--- START ---
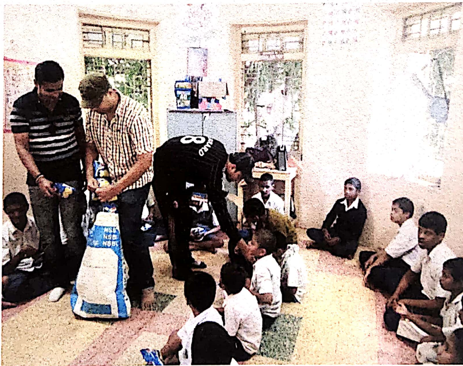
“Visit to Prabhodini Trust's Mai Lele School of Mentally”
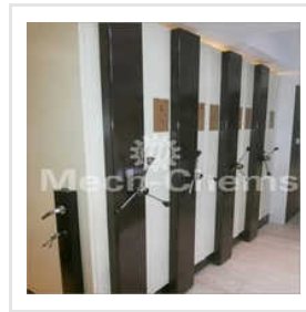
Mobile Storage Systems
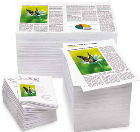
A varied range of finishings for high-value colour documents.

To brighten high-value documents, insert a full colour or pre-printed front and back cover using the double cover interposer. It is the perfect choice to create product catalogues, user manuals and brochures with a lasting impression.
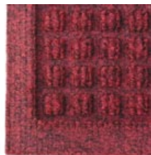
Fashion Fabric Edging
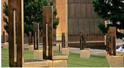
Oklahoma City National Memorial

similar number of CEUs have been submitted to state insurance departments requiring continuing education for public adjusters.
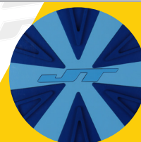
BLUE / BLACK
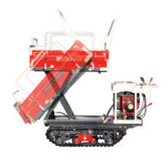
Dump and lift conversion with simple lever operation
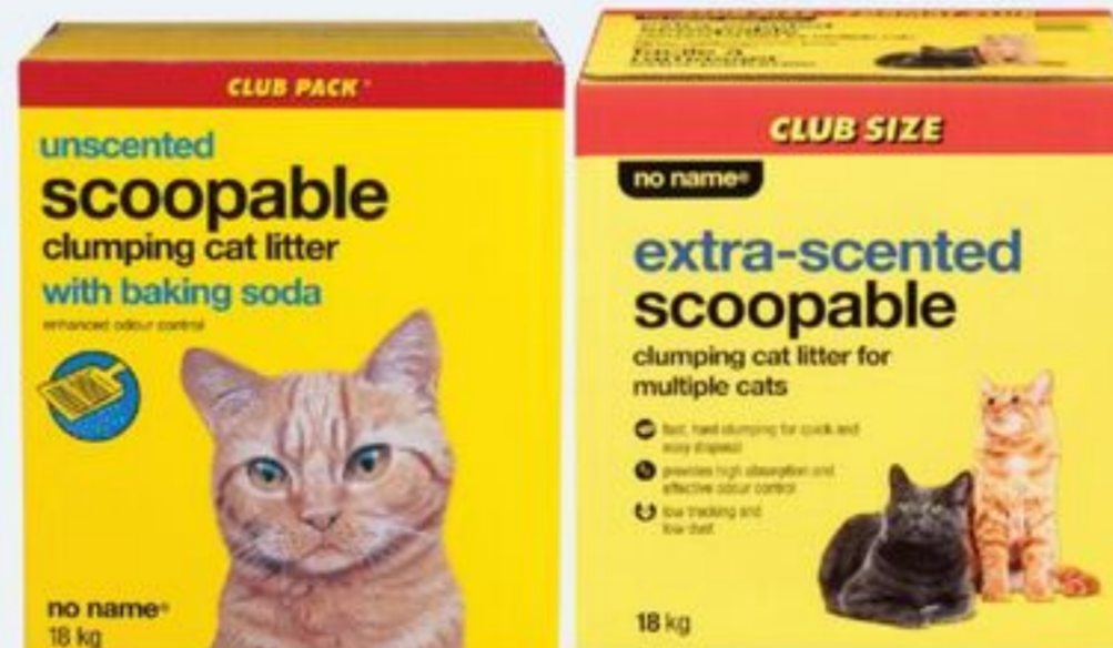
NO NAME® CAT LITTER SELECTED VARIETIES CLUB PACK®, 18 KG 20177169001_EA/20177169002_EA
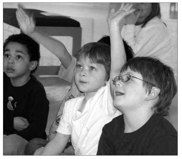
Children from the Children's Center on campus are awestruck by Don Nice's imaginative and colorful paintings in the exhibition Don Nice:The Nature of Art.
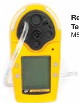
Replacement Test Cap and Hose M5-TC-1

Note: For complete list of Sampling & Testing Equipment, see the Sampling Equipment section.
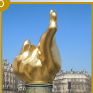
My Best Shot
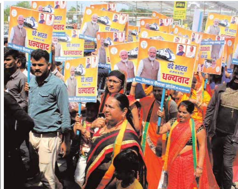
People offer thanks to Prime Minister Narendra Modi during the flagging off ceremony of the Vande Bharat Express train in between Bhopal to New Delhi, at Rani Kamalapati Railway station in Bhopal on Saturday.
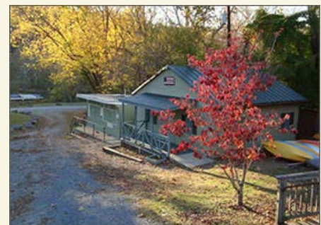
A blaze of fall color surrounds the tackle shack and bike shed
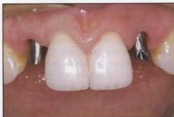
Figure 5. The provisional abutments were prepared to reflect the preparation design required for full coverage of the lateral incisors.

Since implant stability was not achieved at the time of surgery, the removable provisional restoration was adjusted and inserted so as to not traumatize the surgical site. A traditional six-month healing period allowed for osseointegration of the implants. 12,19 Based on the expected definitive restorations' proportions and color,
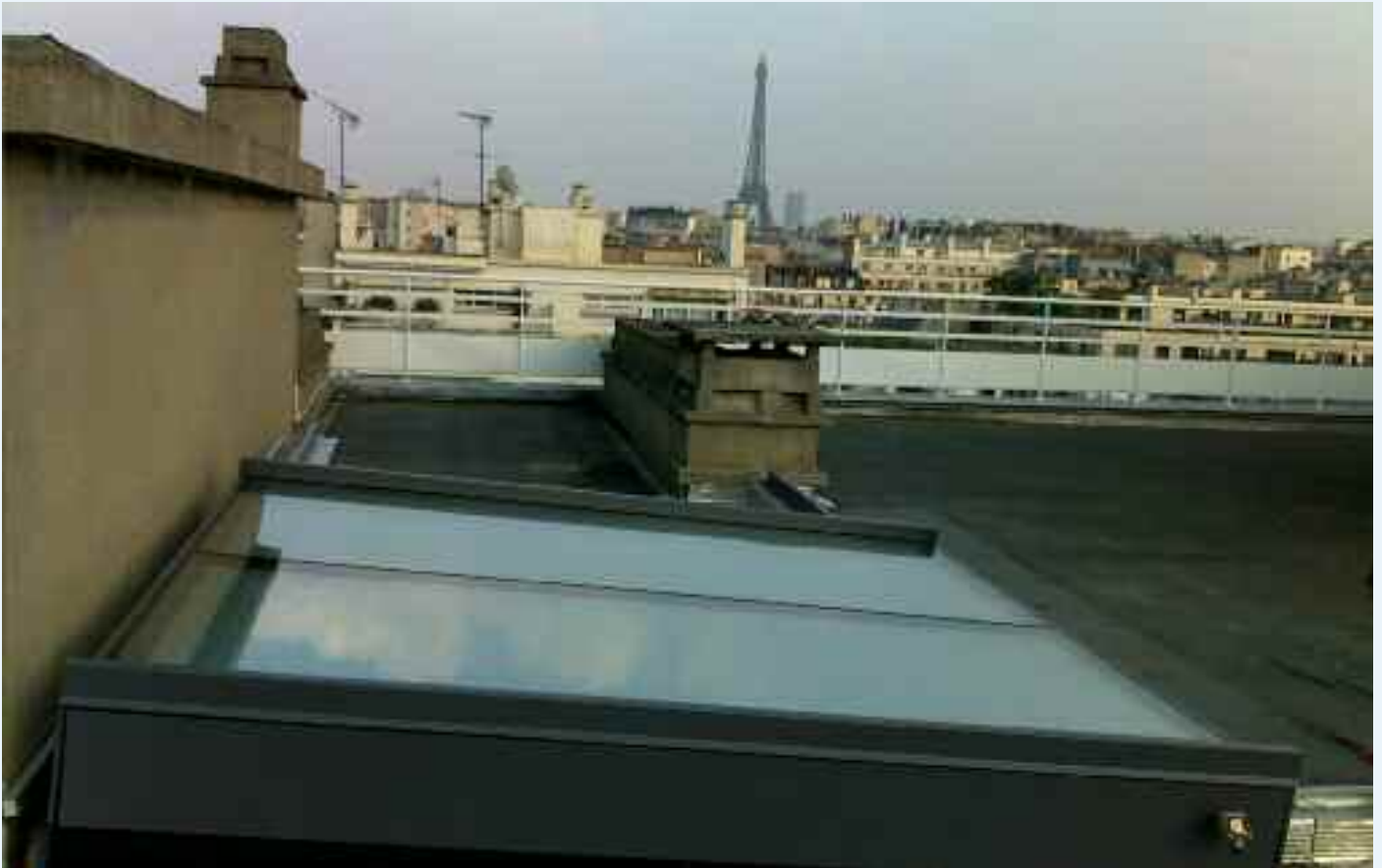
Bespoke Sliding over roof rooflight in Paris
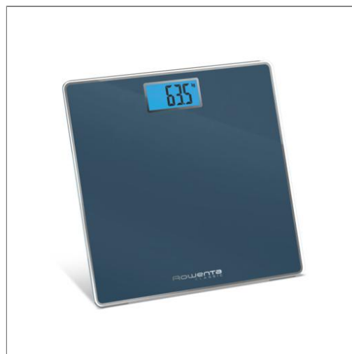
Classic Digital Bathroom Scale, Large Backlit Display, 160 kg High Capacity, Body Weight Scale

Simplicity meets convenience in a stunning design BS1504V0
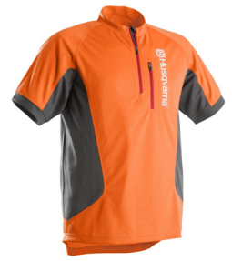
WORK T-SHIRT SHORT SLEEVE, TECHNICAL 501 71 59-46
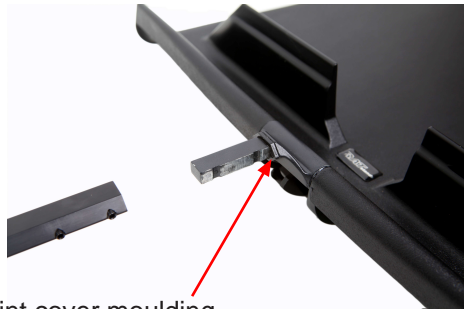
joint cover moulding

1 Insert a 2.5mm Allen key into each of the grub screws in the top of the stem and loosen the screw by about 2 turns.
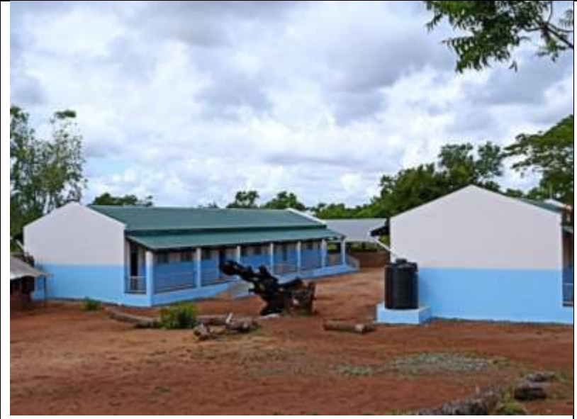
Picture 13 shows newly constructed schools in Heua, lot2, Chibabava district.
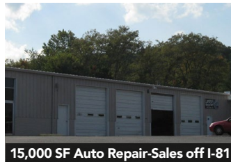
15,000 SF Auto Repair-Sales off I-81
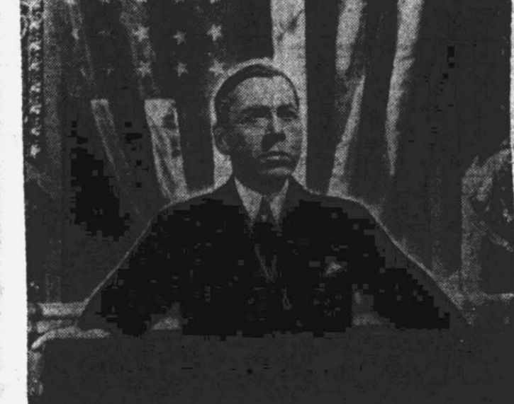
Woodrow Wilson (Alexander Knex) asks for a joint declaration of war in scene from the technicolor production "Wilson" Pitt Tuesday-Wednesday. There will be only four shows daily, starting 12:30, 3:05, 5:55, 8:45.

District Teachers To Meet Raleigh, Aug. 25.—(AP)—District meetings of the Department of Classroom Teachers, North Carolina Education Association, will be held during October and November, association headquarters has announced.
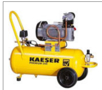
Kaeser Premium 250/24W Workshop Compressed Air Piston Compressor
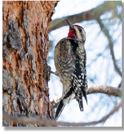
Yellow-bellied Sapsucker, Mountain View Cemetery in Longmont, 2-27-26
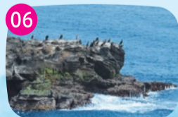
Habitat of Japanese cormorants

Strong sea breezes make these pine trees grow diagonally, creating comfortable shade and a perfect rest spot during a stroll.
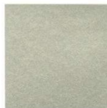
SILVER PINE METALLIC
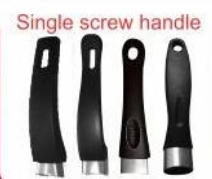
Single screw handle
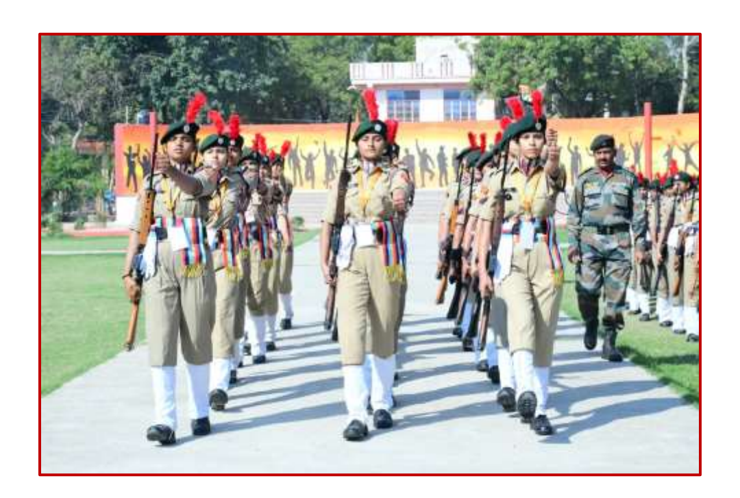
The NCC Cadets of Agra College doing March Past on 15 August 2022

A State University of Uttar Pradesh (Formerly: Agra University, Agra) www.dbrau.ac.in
--- END ---
-- What you will do --
Output exactly the lines above, beginning at the one with "Picture 13 shows" and stopping after the one with "Woodrow Wilson (Alexander". Pictures are to be omitted.

-- Task result --
Picture 13 shows newly constructed schools in Heua, lot2, Chibabava district.
15,000 SF Auto Repair-Sales off I-81
Woodrow Wilson (Alexander Knex) asks for a joint declaration of war in scene from the technicolor production "Wilson" Pitt Tuesday-Wednesday. There will be only four shows daily, starting 12:30, 3:05, 5:55, 8:45.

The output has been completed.